— DATASET ENTRIES —
--
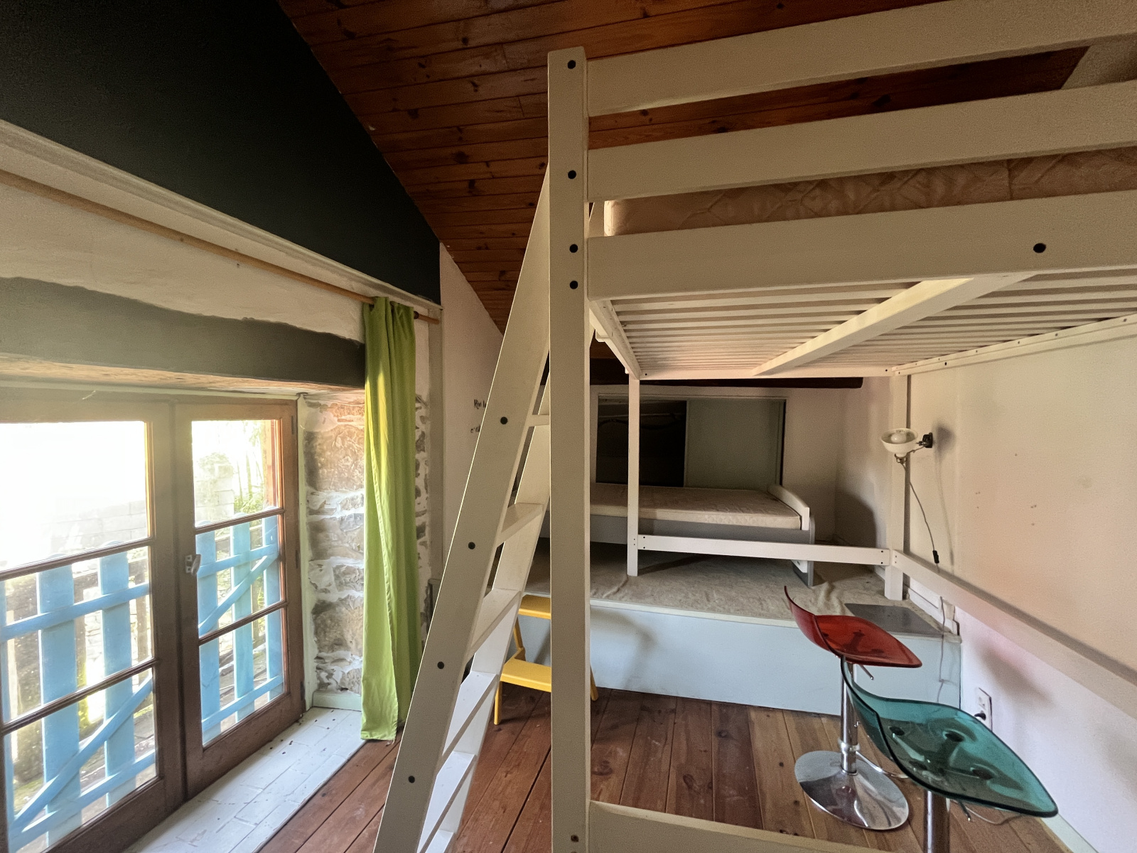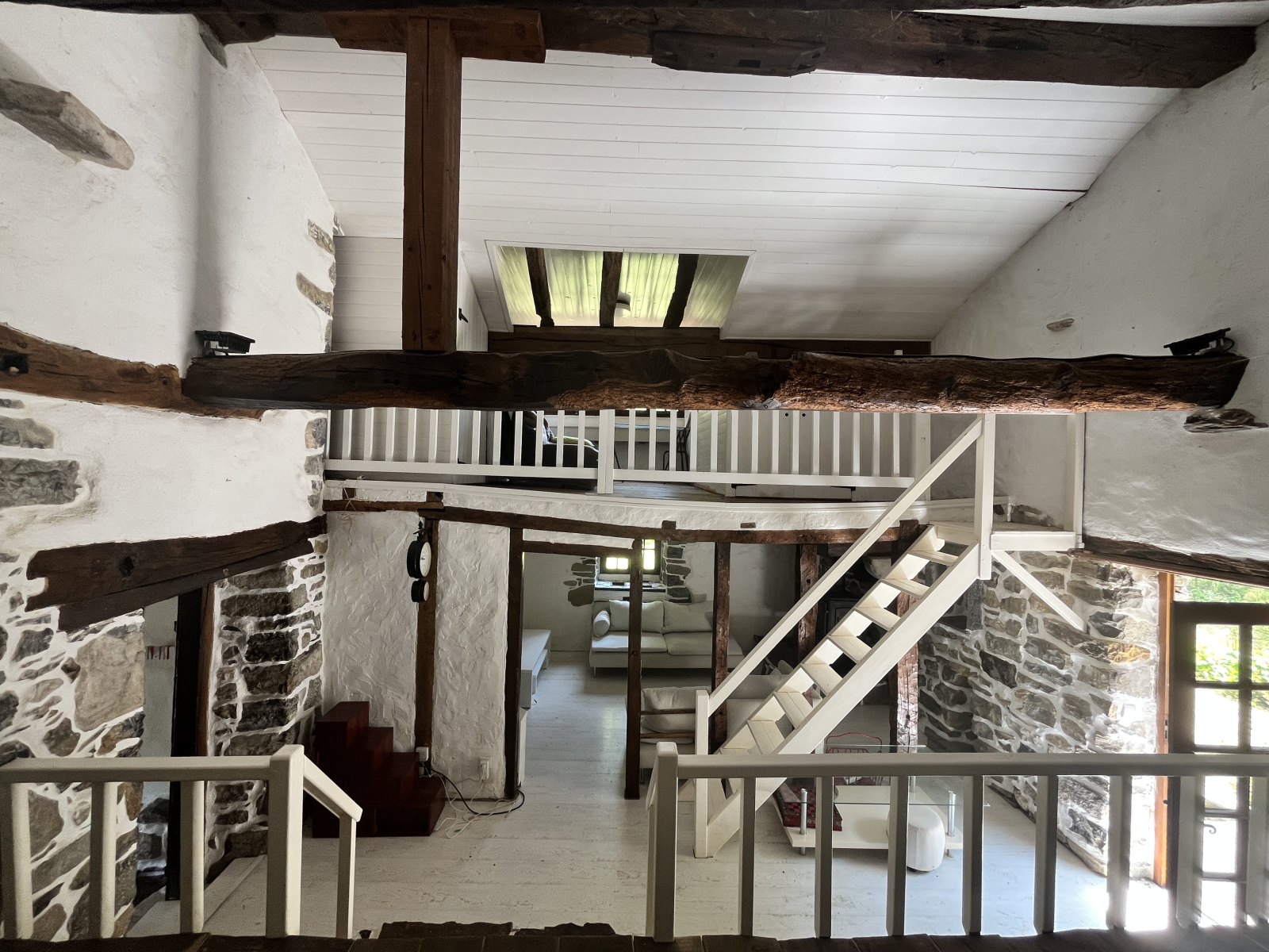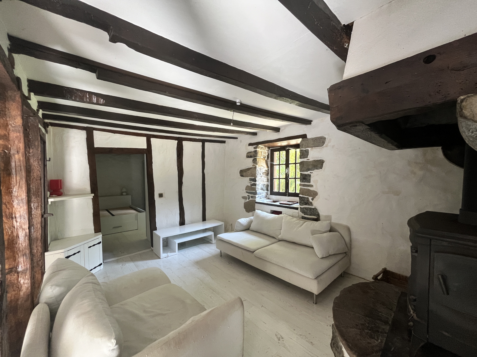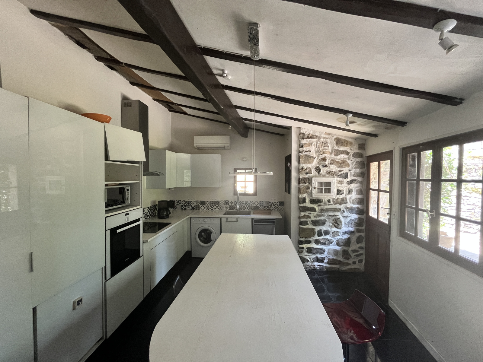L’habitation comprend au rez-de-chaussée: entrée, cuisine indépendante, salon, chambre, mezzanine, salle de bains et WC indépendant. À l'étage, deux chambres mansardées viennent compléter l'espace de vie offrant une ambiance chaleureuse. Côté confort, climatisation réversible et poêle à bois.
--
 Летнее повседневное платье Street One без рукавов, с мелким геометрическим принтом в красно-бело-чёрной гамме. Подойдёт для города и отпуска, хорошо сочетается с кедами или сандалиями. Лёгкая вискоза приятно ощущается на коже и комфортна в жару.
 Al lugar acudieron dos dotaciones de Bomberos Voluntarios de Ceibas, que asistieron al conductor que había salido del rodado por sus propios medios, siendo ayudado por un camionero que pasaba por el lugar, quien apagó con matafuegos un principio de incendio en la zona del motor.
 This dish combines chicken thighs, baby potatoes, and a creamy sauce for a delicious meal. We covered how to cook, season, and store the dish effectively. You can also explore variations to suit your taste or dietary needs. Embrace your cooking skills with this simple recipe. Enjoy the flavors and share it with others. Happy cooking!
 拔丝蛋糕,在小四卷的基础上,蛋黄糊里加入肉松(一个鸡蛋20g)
--
— DIRECTIONS —
Reproduce the entries above exactly, but only the lines between the line holding "This dish combines" and the line holding "拔丝蛋糕,在小四卷的基础上,蛋黄糊里加入肉松(一个鸡蛋20g)", inclusive.

— EXERCISE RESPONSE —
 This dish combines chicken thighs, baby potatoes, and a creamy sauce for a delicious meal. We covered how to cook, season, and store the dish effectively. You can also explore variations to suit your taste or dietary needs. Embrace your cooking skills with this simple recipe. Enjoy the flavors and share it with others. Happy cooking!
 拔丝蛋糕,在小四卷的基础上,蛋黄糊里加入肉松(一个鸡蛋20g)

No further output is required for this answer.